I upgraded transformers
to 3.5.1, so that I have the same setting as you:
flair 0.6.1
torch 1.6.0
transformers 3.5.1
I cannot install torch
v1.6.0+cu101 on macOS, as far as I know, hence I'm using touch 1.6.0. Unfortunately, the same error still occurs, if I use the pre-trained eng_flair_nner_distilbert.pt
. With the Electra model you suggested, however, the code runs fine. I tried both models (DistilBERT and Electra) with i) a string in conll-format, ii) using the Diaparser
you kindly suggested (with the pretrained model for GUM7), as well as iii) with the Spacy
parser. While it works with the Spacy
output, the Diaparser-output does not get annotated at all. I tried this:
import xrenner
from diaparser.parsers import Parser
txt = "Trees play a significant role in reducing erosion and moderating the climate. They remove carbon dioxide from the atmosphere and store large quantities of carbon in their tissues. Trees and forests provide a habitat for many species of animals and plants. Tropical rainforests are among the most biodiverse habitats in the world. Trees provide shade and shelter, timber for construction, fuel for cooking and heating, and fruit for food as well as having many other uses. In parts of the world, forests are shrinking as trees are cleared to increase the amount of land available for agriculture. Because of their longevity and usefulness, trees have always been revered, with sacred groves in various cultures, and they play a role in many of the world's mythologies."

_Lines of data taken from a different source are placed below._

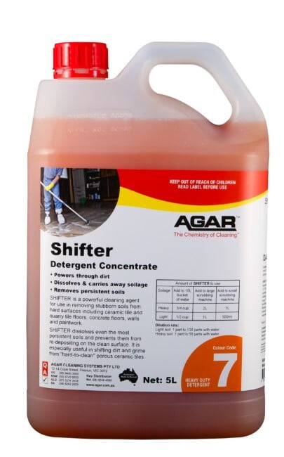 What is Shifter? SHIFTER is a powerful cleaning agent for use in removing stubborn soils from hard surfaces. It also prevents the soils from re-depositing. How Does It Work? SHIFTER is a concentrated alkaline hard surface cleaner designed specifically to remove soil from ceramic tiles, concrete floors, walls and paintwork. It is a sophisticated blend of ingredients intended primarily for use in auto scrubbers, and also for mopping by hand. This concentrated detergent: Powers through dirt – even dirt trapped in pores Dissolves and carries away the soil For Use On… SHIFTER will remove all soil and spillages including foodstuffs, drinks, cooking oil, general dirt and road grime from hard, unsealed floors, walls and paintwork. SHIFTER is ideal for extracting soil from troublesome porous floors particularly hard-to-clean ceramic tiles and quarry tiles. It may also be used on concrete, bluestone, slate and terracotta. SHIFTER is designed for use in autoscrubbers, although it may also be used for mopping, scrubbing with single brush rotary machines and pressure washing.
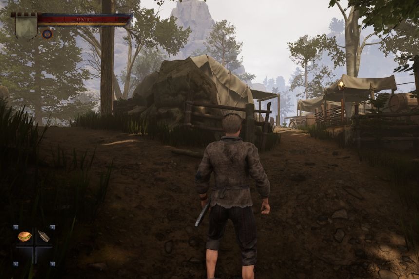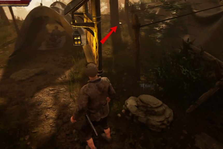 Quindi dirigiti verso l’altro lato dell’accampamento e troverai un’altra incudine. Proprio a sinistra, dietro un albero c’è il martello di Cyril. Poiché il martello si trova tra i cespugli, vicino all’albero, puoi facilmente non vederlo se non guardi attentamente.
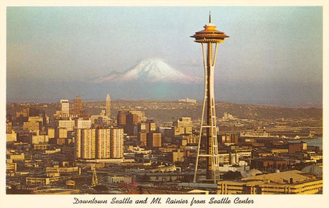 WA-251 Space Needle, Mt. Rainier, Seattle - Vintage Image
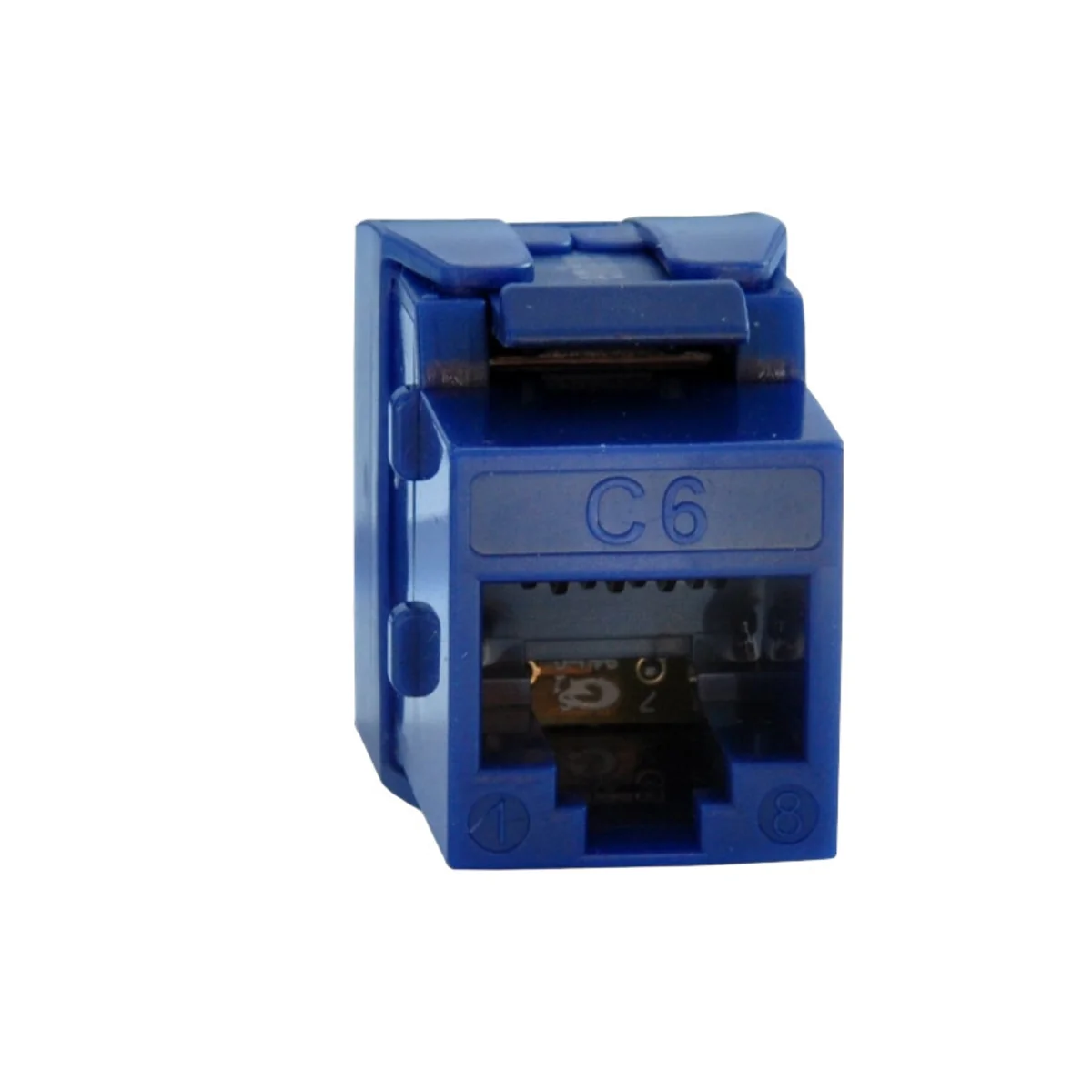 Unshielded socket UTP RJ45 category 6 can be installed in any adapter for keystone connectors, e.g. in adapters for 45x45 sockets, electrical equipment frames, modular panels, thanks to which the list of applications for this socket is very wide. It is a socket with miniaturized dimensions, the so-called “slim”, which makes it possible to use it to build distribution points in modular panels (not equipped). No impact tool is needed to terminate the wire/cable in the socket. The socket has color coded connection sequence type 568A/B.

parser = Parser.load('en_gum7.electra-base.diaparser.pt')
data = parser.predict(txt, text='en')
xrenner = xrenner.Xrenner()
result = xrenner.analyze(data, "html")
print(result)
Coercing the Diaparse output to a string also didn't change anything. Do you maybe see what I'm doing wrong here?

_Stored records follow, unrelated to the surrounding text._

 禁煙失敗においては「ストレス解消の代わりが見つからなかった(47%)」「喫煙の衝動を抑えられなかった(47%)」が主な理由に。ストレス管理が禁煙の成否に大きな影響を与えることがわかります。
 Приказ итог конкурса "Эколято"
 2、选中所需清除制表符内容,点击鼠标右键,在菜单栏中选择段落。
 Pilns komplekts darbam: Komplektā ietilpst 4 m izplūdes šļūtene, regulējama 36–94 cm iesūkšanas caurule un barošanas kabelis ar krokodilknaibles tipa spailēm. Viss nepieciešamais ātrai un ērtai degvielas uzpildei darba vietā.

If the Electra model works I wouldn't bother with getting DistilBERT to run, the Electra one is about +4 F1 on entity type recognition.

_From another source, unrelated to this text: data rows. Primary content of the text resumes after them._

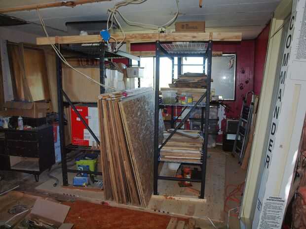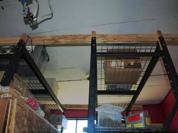 Nos topamos con una molestia con un conjunto de estantes pesados que compramos. Fueron hechos para cosas grandes y cosas pequeñas no. Las unidades son grandes, tienen límites de peso grande (3 toneladas) y son estables. Colocó una capa de madera contrachapada de lengüeta y ranura de 3/4 de pulgada para reforzar el piso y los agujeros de parches. Ponemos los pies en tableros de 2 X 3 para distribuir la carga y lag los atornillados. Nos atan las tapas junto con 2 X 4. En lugar de colocar los estantes espalda con espalda, poner un espacio que podríamos utilizar para el almacenamiento de mercancías de la hoja como madera contrachapada entre ellos. Fue todo genial. Pero tiene un montón de madera pequeña, como listones, de paletas y cortar las losas de los árboles. Sólo podríamos apilarlo todo en un montón en los estantes, pero además de no ser muy estable nunca podremos llegar fácilmente a la madera de diferentes. Así que teníamos que hacer un divisor para espacios más pequeños para los estantes. Y cuando nació este proyecto.
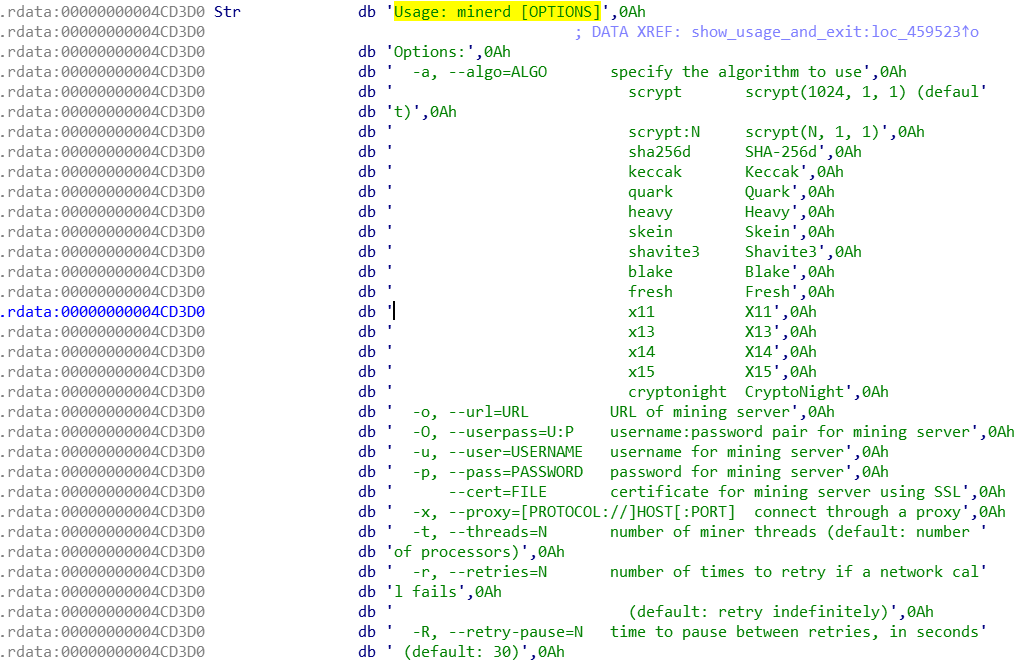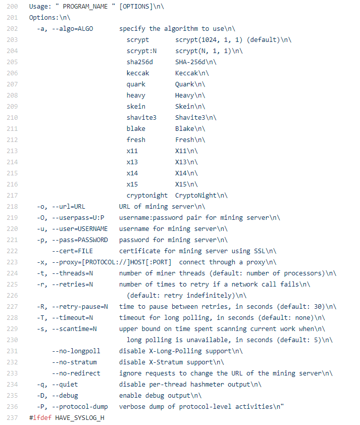 通过分析,Systmss.exe的代码完全是基于cpuminer-multi开源项目,cpuminer-multi是一个开源的多线程CPU挖矿程序,从其github页面可知,当前支持的算法较多,
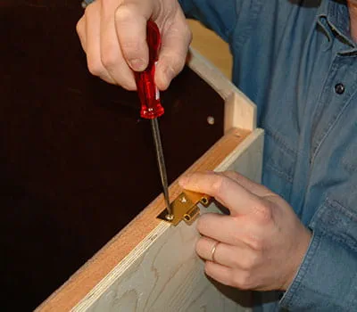 Keď je teraz strecha položená a vyrovnaná, zaznačte polohu závesov. Pomocou predpichovača vyznačte vonkajšiu stranu steny na spodnej hrane závesov. Strechu opäť odoberte a priskrutkujte závesy. Teraz možno zmontovať celú búdu a obrúsiť všetky hrany a rohy. Búdu opäť rozoberte a obrúste pomocou excentrickej brúsky všetky vonkajšie plochy.
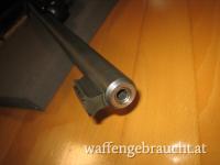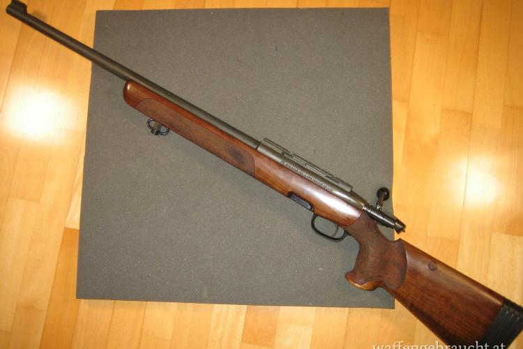 Beschreibung: Matchbüchse mit kalt gehämmertem 650mm Lauf, 22mm Außendurchmesser an der Mündung ( angesenkt), System und Lauf haben eine parkerisierte Oberfläche. Holzschäftung mit punziertem Pistolengriff und Vorderschaft. Originale Gummischaftkappe, UIT Schiene, Druckpunktabzug, großer Kunststoffkugel am Kammerstängel, seitliche Schiebesicherung, originales SSG .308 Kunststoffmagazin. 11mm Montageschiene.

For the parser I should have been clearer: Diaparser is just a parser, not an NLP toolkit like Stanza etc. It only does dependency attachment and relation types on preprocessed data (tokenized and sentence splitted). And you will also need to get POS tags and lemmas from somewhere else. However it is substantially more accurate than say Stanza (coincidentally also about +4 LAS out of the box). To run it you need to feed it a list of sentences, each a list of tokens (so list of lists). See the Diaparser documentation for details. If you can tolerate somewhat lower accuracy, Stanza should work pretty well too though, and predicts everything from plain text. I've also seen Trankit around, which is much like Stanza but transformer based, so that might be worth a try as well (I think it uses RoBERTa for everything?)